Sony Ericsson Xperia X1 BlackBerry Bold 9700

  1. Saya butuh aktifitas online dan mobile sepanjang waktu

    Salah satu kelebihan ponsel android yang paling mencolok adalah, ia dibuat untuk menunjang aktifitas di internet. Ya, saya bisa katakan, ponsel android memang diciptakan untuk anda hidup di dunia maya (internet). Bila anda membeli ponsel android namun tidak memanfaatkannya untuk internetan, maka anda benar-benar menghamburkan uang hanya untuk sebuah gadget, tanpa anda ambil manfaat terbesarnya.

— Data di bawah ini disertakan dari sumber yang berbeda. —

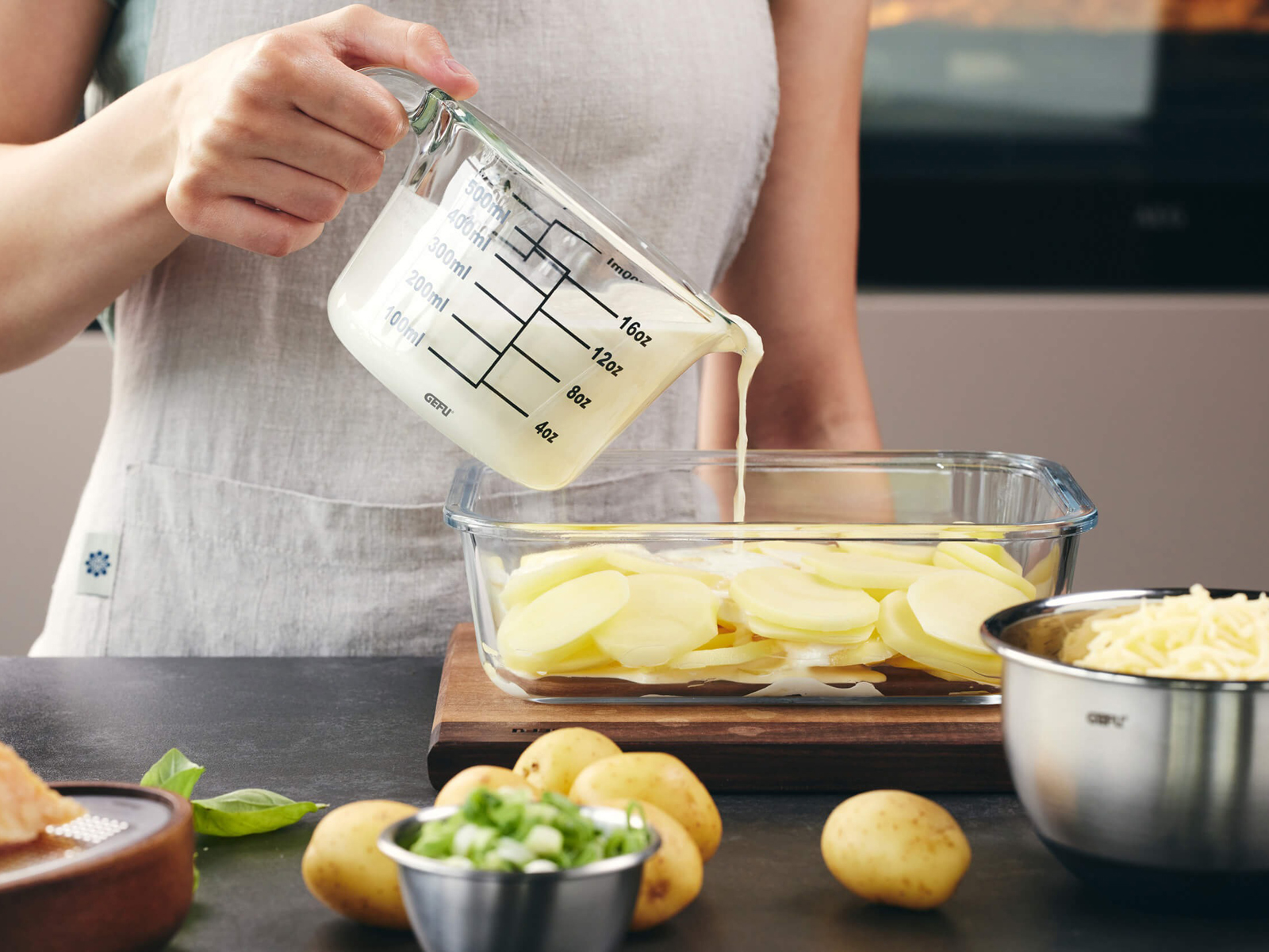 Dzbanek z miarką Dimenso to praktyczny i niezastąpiony pomocnik w każdej kuchni. Dzięki wyraźnym oznaczeniom na korpusie, odmierzanie składników staje się łatwe i precyzyjne, co znacznie usprawnia gotowanie i pieczenie. Wykonany z żaroodpornego szkła borokrzemowego, jest odporny na temperatury aż do 450°C, co czyni go idealnym do mieszania, podgrzewania w kuchence mikrofalowej oraz przechowywania różnych składników. Dodatkowo dzbanek Dimenso można myć w zmywarce, co zapewnia wygodę i łatwość utrzymania go w czystości. To wszechstronne narzędzie, które z pewnością przypadnie do gustu każdemu, kto ceni sobie funkcjonalność i komfort w kuchni.
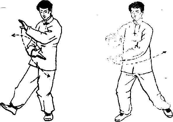 上左下)抱球;右腿成弓步’双手由右向左侧后划弧;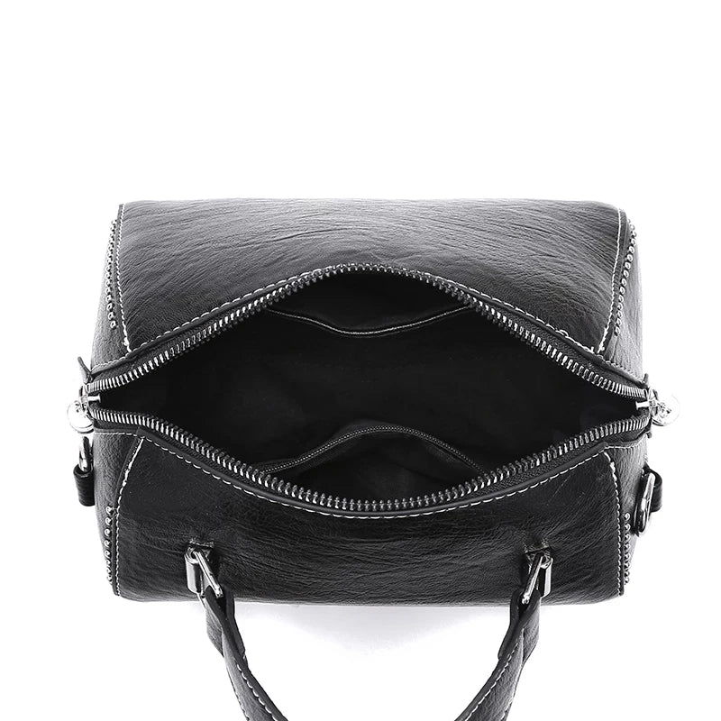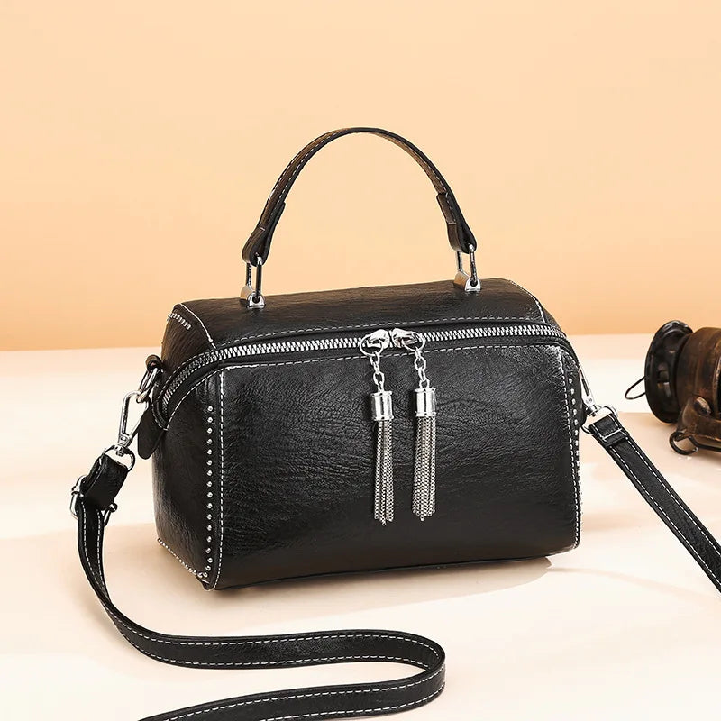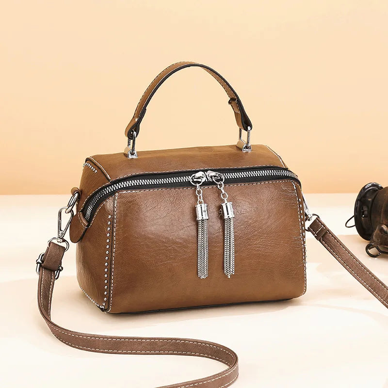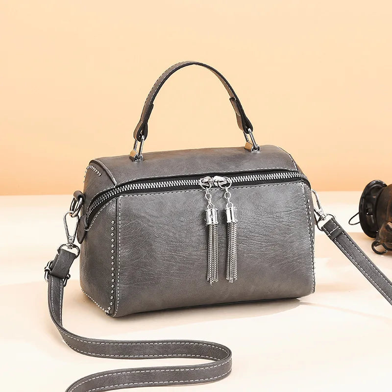 Elevate your style with this rivet shoulder bag made of high-quality PU leather. This versatile crossbody bag is a must-have for every fashion-forward woman.

    Karena saat itu aktifitas saya lebih banyak di luar (di lapangan, meeting, atau kunjungan kerja), maka saya membutuhkan perangkat yang mudah dibawa kemana-mana. Tentu sangat merepotkan bila hanya untuk mengecek email saja saya harus membuka laptop di jalan.

    Aktifitas online saya sangat tinggi, baik aktifitas kirim/terima email, membaca berita, jejaring sosial, maupun aktifitas ngeblog. Meski ponsel lain seperti iPhone, BlackBerry dan WM bisa melakukan hal yang sama, namun saya lebih merasakan manfaat yang optimal dari ponsel android.

  2. Aplikasi pendukung yang sangat lengkap dan terjangkau

    Android merupakan sistem operasi bersumber terbuka (open source). Tidak heran banyak para pengembang (developer) membuat segala macam aplikasi yang dibutuhkan oleh pengguna. Saking banyaknya para pengembang, tak heran aplikasi yang disediakan di pasar aplikasi (Android market) sudah menembus angka jutaan.

    Tak hanya lengkap, aplikasi yang dibutuhkan pun sangat terjangkau. Saya hampir tidak pernah mengeluarkan uang sepeserpun untuk dapat memiliki aplikasi yang saya butuhkan, karena semuanya tersedia dengan gratis.

  3. Kebebasan yang sesungguhnya

    Android memungkinkan penggunanya untuk mengeksplorasi perangkatnya, sehingga memberikannya kekuasaan penuh. Tidak seperti iPhone atau bahkan BlackBerry yang membatasi hak guna pemakainya, android benar-benar membebaskan penggunanya untuk memodifikasi sistem operasinya.

  4. Tak ingin terbawa arus latah

    Agaknya sudah menjadi tradisi kebanyakan orang Indonesia yang suka mengikuti kebanyakan orang. Saya melihat kebanyakan orang yang menggunakan gadget, hanya terpengaruh atau ikut-ikutan orang lain. Saat itu, saya memutuskan untuk berpindah ke Android di saat orang-orang sedang mabuk iPhone dan BlackBerry. Ya, saya tidak mau mengikuti tren latah mereka.

  5. RIM dan ketidakbecusannya

    RIM (Research in Motion), sebagai produsen BlackBerry telah banyak mengecewakan saya. Rasa-rasanya, BlackBerry adalah kegagalan terbesar saya ketika memilih perangkat telepon pintar.

    Mohon maaf, saya tidak bermaksud mengecilkan pengguna BlackBerry. Opini yang saya tulis saat ini murni pendapat subyektif mengenai ketidaksukaan saya menggunakan layanan BlackBerry. Di kesempatan lain, mungkin akan saya jelaskan alasan mengapa saya tidak menyukainya.

Sony Ericsson Xperia Arc

Yeah, terlepas dari banyak kelebihan yang dimilikinya, Android juga memiliki kekurangan. Menurut saya, setiap pengguna harus dapat menentukan sendiri perangkat yang terbaik bagi kebutuhannya, baik itu Android, iPhone, BlackBerry, Symbian, atau bahkan ponsel jadul lainnya.